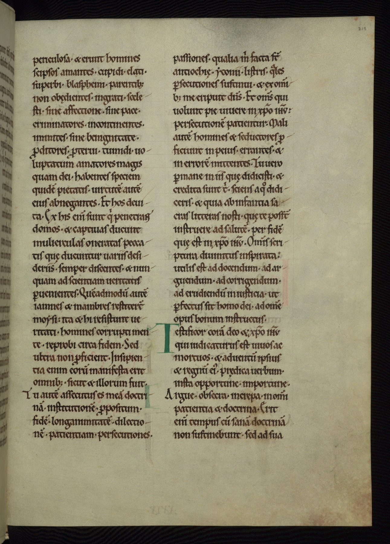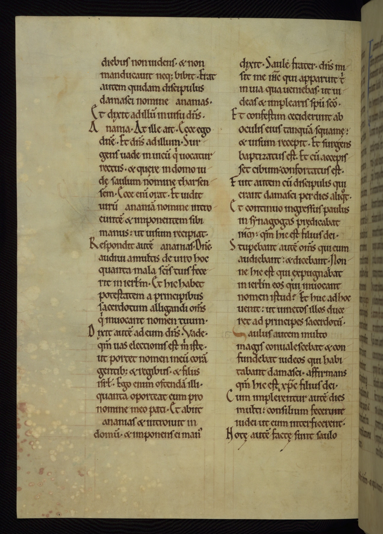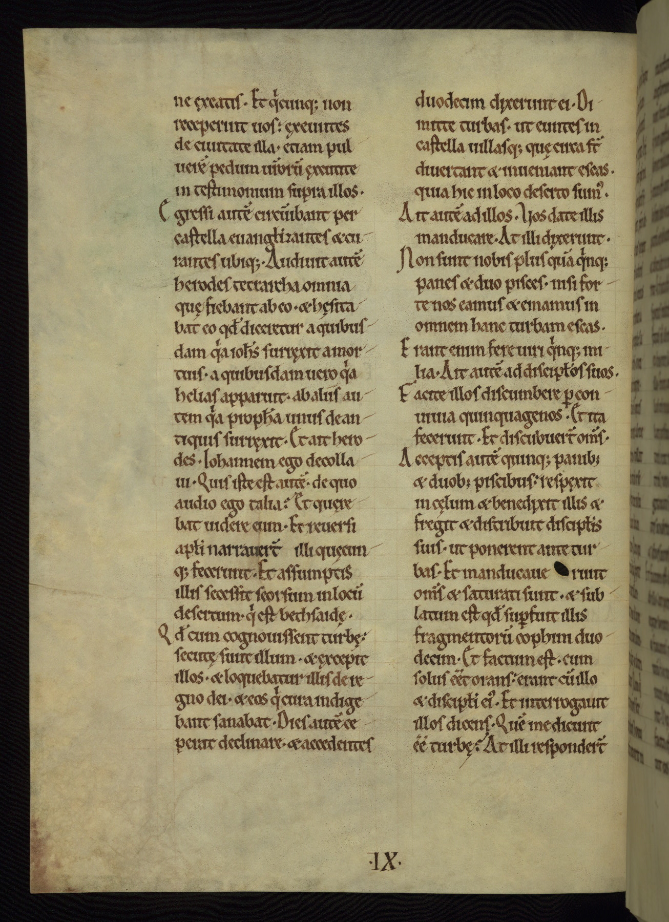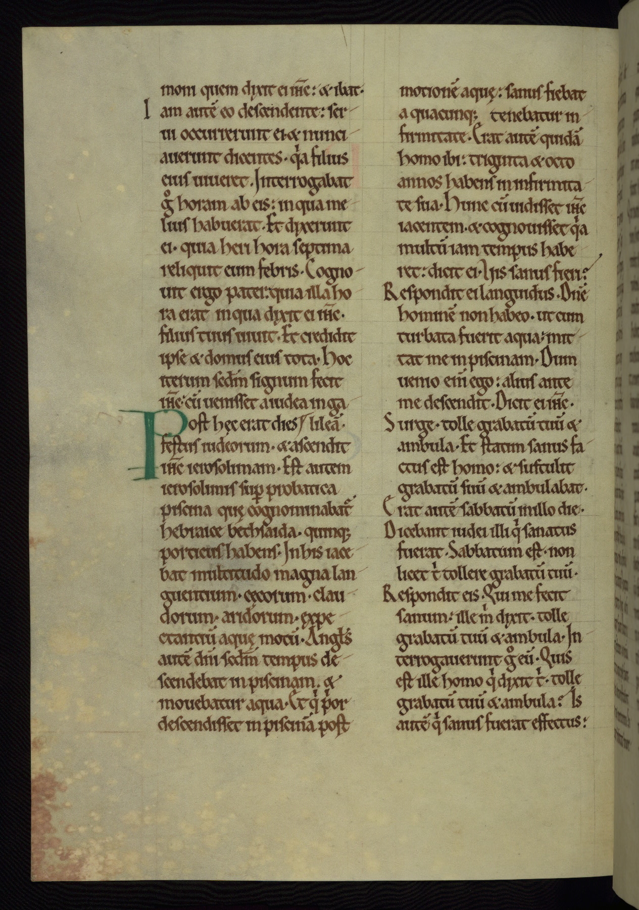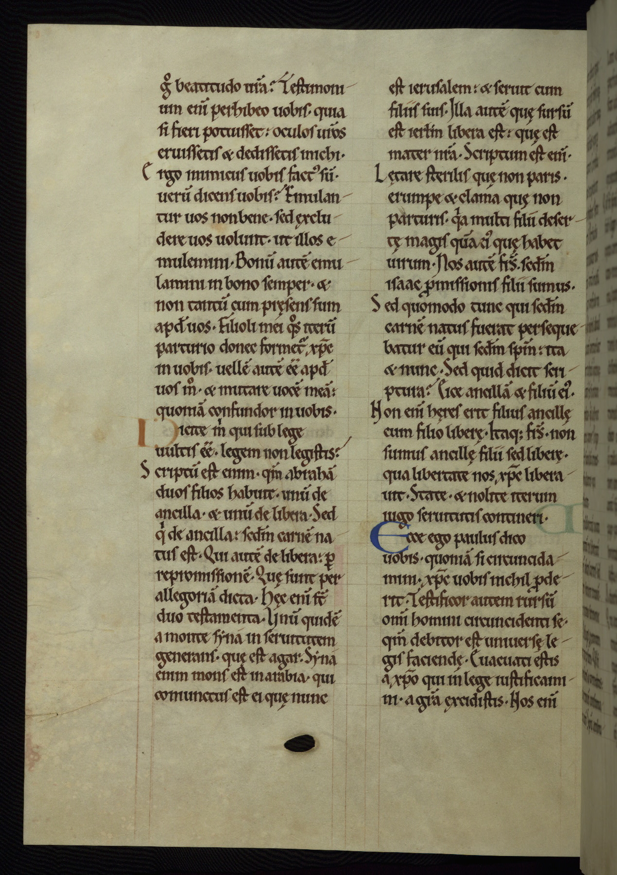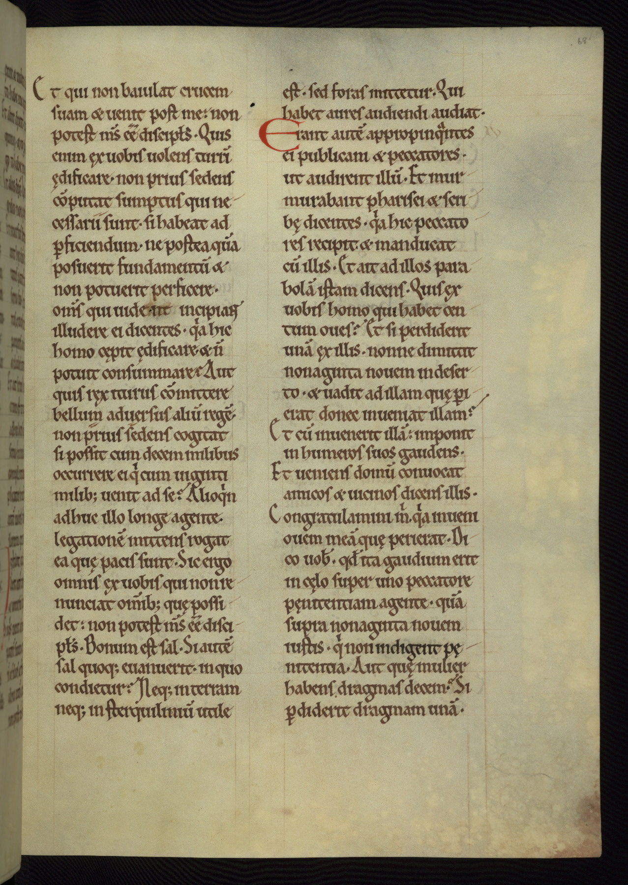 This large-format copy of the New Testament was almost certainly created at Rochester Cathedral Priory, England, in the first half of the twelfth century. It was part of a five-volume Bible, only one other volume of which, London, British Library Ms. Royal I.C.VII, has survived. The decorated initials in these manuscripts compare closely with those in other books securely attributed to Rochester. Textually these books are closely related to the Gundulph Bible (San Marino, Huntington Library Ms. HM 62), known to have been produced at Rochester in the second half of the eleventh century. Although neither the Walters' nor the British Library's volume includes an inscription associating this Bible with Rochester, the two medieval catalogs of the Rochester Cathedral library, produced around 1130 and in 1202, contain references to manuscripts that correspond well with them. The book’s large size indicates it that was designed to be read aloud, either during services or at meals in the refectory. Large, fanciful initials filled with succulent foliage, fruit, dragons, animals, and human faces begin each section of the text. Executed in a vibrant palette of red, blue, green, ochre (in place of gold), and yellow, the intricate, dynamic designs capture the essence of Romanesque manuscript illumination. Royal I.C.VII also includes four historiated initials (for the books of Joshua, I Samuel, 2 Samuel, and 2 Kings). Although the Bible was made at Rochester, the pre-Gothic script of W.18 in particular is extremely close to that practiced at nearby Canterbury at the time.
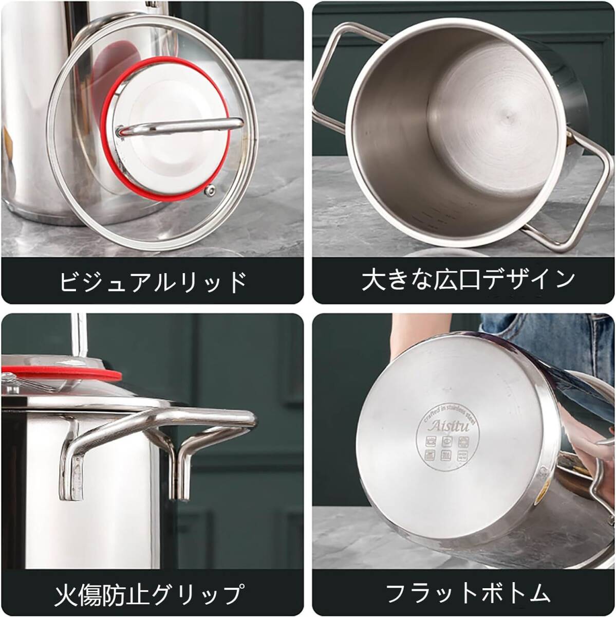 1.SUS304ステンレス製。優れた研磨加工により、鍋底は滑らかで焦げ付きにくく、お手入れが簡単です。熱伝導率の低いハンドルを装備し、握りやすく、火傷を防ぎます。ガラス蓋:強化ガラス(全面物理強化)、蓋の金属部分/ステンレススチール。
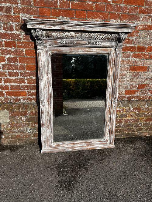 Fabulous Large Antique French 19th Century Carved Wood Distressed Painted Mirror

### [PROBLEM TO SOLVE]
I would like the lines from the one with "1.SUS304ステンレス製" through the last line of the data above retyped exactly, with pictures left out, please.

### [EXERCISE SOLUTION]
 1.SUS304ステンレス製。優れた研磨加工により、鍋底は滑らかで焦げ付きにくく、お手入れが簡単です。熱伝導率の低いハンドルを装備し、握りやすく、火傷を防ぎます。ガラス蓋:強化ガラス(全面物理強化)、蓋の金属部分/ステンレススチール。
 Fabulous Large Antique French 19th Century Carved Wood Distressed Painted Mirror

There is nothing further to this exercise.